Safari Architects: Where would the crew stand during the huge dust and rainstorms?
Daniel Crous: The major storm scenes were filmed during the wet season, long before we started filming. We were therefore lucky to have avoided these dangerous storms altogether whilst doing our own filming! For the cameramen and crew who did have to film during these storms however, the consensus was (and always is in these situations) film as long as you possibly can and then run for cover! Standing in one of these dusts or rainstorms for too long is the furthest thing from a good idea, as suffocation is a huge risk. It is also not ideal for expensive cameras to get covered in dust and water!
Safari Architects: Was it hard not to get emotionally involved in the lives of the meerkats you were filming?

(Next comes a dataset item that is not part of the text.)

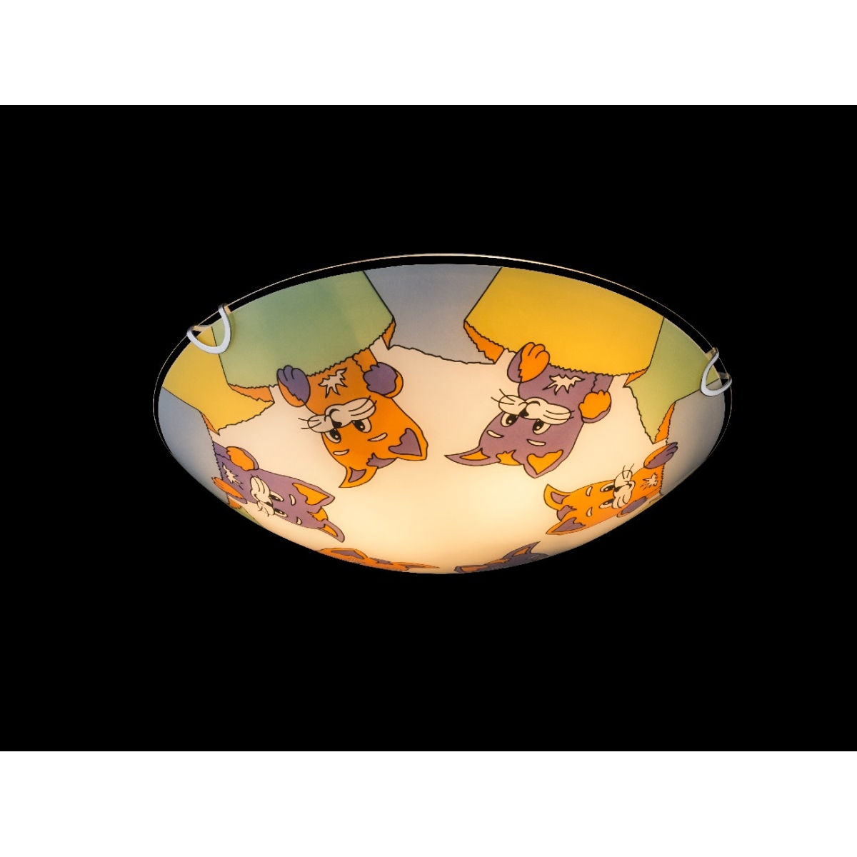 Okrugla (Ø30 cm) plafonska lampa KIDDY je vrhunac u svakoj dečijoj sobi. Ova dečija lampa sa staklom ukrašena šarenim dečijim motivima, sa dva E27 grla, daje vam mogućnost da sami odredite intenzitet svetlosti. Zbog uštede energije i trajnosti preporučujemo LED sijalice. Međutim, odabrana sijalica treba da bude u obliku kapljice.

Daniel Crous: As these meerkats were habituated, there was definitely a sense of familiarity surrounding them. However, as mentioned before, these meerkats are wild and human interference or involvement is not allowed under any circumstances. So yes, as emotional as it was to watch them go through those dangers and hardships, our only job was to observe and to document.
Safari Architects: Did you keep in touch with the BBC in terms of future projects?
Daniel Crous: There is definitely a sense that because this project was so successful, working remotely for the BBC may become a reality for many more local cameramen and crew! It is an exciting concept and I look forward to seeing what other projects we can work on together in the future!